Cho In-chol

Personal information
- Date of birth: 2 October 1973 (age 51)
- Height: 1.72 m (5 ft 8 in)
- Position(s): Defender

Senior career*
- Years: Team / Apps / (Gls)
- Pyongyang

International career
- 1991: Korea U20 / 3 / (1)
- 1990–1993: North Korea / 17 / (2)

Managerial career
- 2007–2010: April 25
- 2010–2011: North Korea
- ?: North Korea

= Cho In-chol =

North Korean footballer (born 1973)

Cho In-chol (born 2 October 1973) is a North Korean former footballer. He represented North Korea on at least seventeen occasions between 1990 and 1993, scoring twice.

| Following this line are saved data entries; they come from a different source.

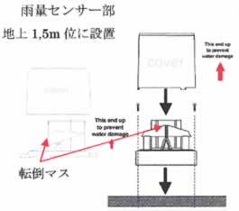 | ■特長 本器は、転倒マス雨量計センサー発信器と3ヶ所のLCD表示部(モニター)を備えた有線式降雨量計です。 屋外に設置された雨量センサー発信器がカウントした降雨量データを(一転倒0,5mm)屋内の表示部に有線にて転 送し3ヵ所(表示:1 表示:2 AUTO)同時に計測値を表示します。 小型で低価格、操作及び取り付けが簡単な簡易型雨量計です。 1時間当たり雨量も測定できます。 ![]() ■機能 ●3つの表示(表示1、表示2、AUTO) ●手動リセット機能(表示1、表示2) ●累計降雨量自動リセット機能(AUTOに表示):2時間データ無しの場合自動リセット ●単位選択機能(inch/mm) ※自動電源遮断機能:12時間データ無しの場合 ■仕様
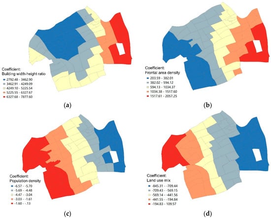 The overall R2 and adjusted R2 of the model, which reflected the fitness of the geographical weighted regression, was 0.644 and 0.552, respectively. The local R2 ranged from 0.32 to 0.64 from the west to the east of Jing’an District. This indicated that the local fitting degree of the model in the eastern neighborhoods was better than that in the western neighborhoods (Figure 3).
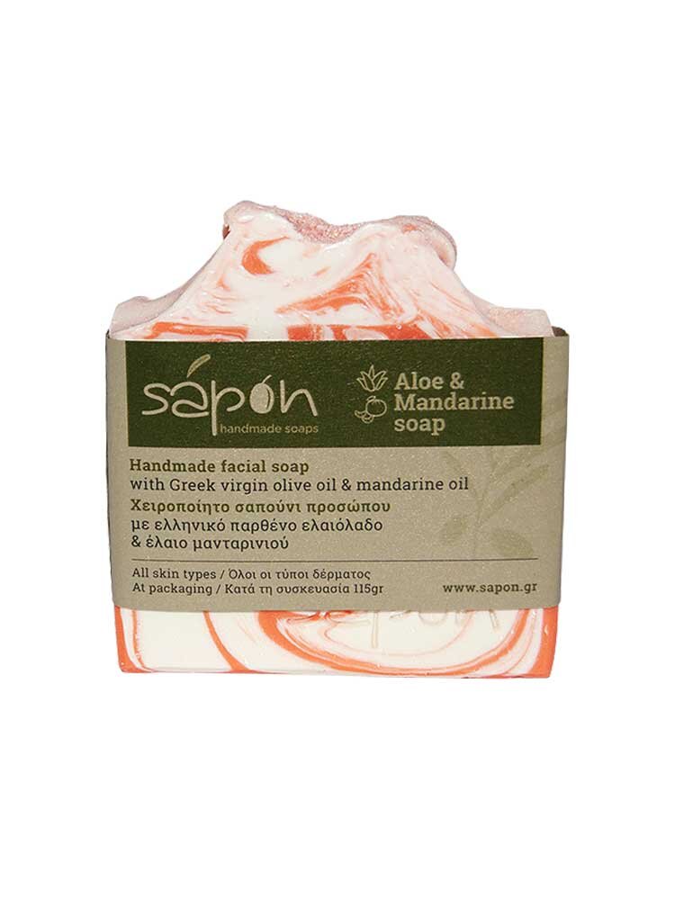 Χειροποίητο σαπούνι προσώπου εμπλουτισμένο με ελληνικό παρθένο ελαιόλαδο, αλόη και μανταρίνι από την εταιρία Sapon Skin Care. Ένα μοναδικό προιόν φροντίδας και περιποίησης της επιδερμίδας, πλούσιο σε δραστικά, φυσικά συστατικά, το οποίο θα καθαρίσει απαλά, θα θρέψει και θα ενυδατώσει το δέρμα σας, χαρίζοντάς του απαλότητα, φρεσκάδα και λάμψη.
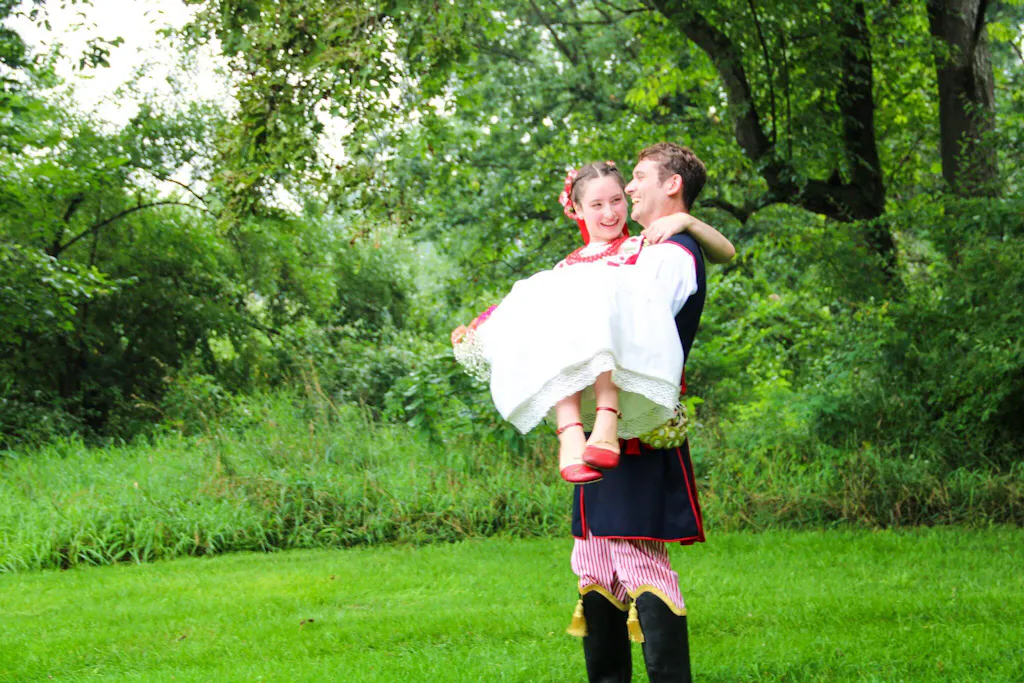 Cognac leather Shapen Poppy D’orsay dressy flats with a tan footbed and tan rubber soles. The flats have a heel cup held on by a dainty, patent leather ankle strap. Shoes are shown from the top-down, outdoors while standing on green grass, partially framed by a flowing skirt.
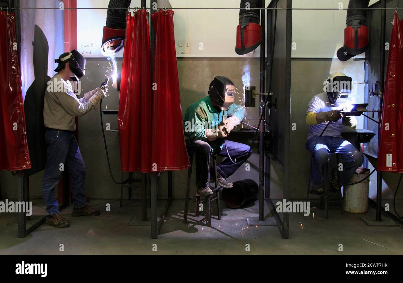 First Year Ironworker Apprentices L R Ian Welshhans Daniel Truax And Jason Taylor Practice Their Welding Skills During A Class At The Ironworkers Local 549 Training Facility In Wheeling West Virginia March 6
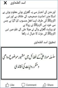 چنانچہ ایک ناصبی (اسدطحاوی) نےبھی کچھ ایسی ہی حماقت کرکےاپنی ذلت و رسوائی کا مزیدسامان فراہم کرلیا۔
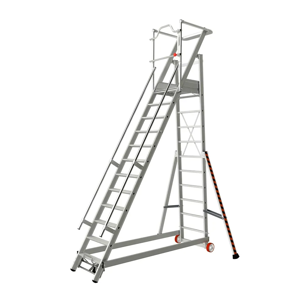 Dank der drei Rollen lässt sich die mobile Plattformleiter leicht im Lager oder Werkstatt bewegen. Die Rückseite kann direkt an eine Wand gestellt werden, wodurch Platz gespart wird – ideal für kompakte Arbeitsbereiche. Für zusätzliche Standfestigkeit wird die Treppe mit zwei klappbaren Stabilisatoren geliefert.

He also represented the unified Korean team at the 1991 FIFA World Youth Championship.

==Managerial career==
Cho was named manager of the North Korea national football team in 2010.

==Career statistics==

===International===

| National team | Year | Apps | Goals |
| North Korea | 1990 | 1 | 0 |
| 1991 | 1 | 0 |
| 1992 | 3 | 0 |
| 1993 | 12 | 2 |
| Total |  | 17 | 2 |

===International goals===
Scores and results list North Korea's goal tally first, score column indicates score after each North Korea goal.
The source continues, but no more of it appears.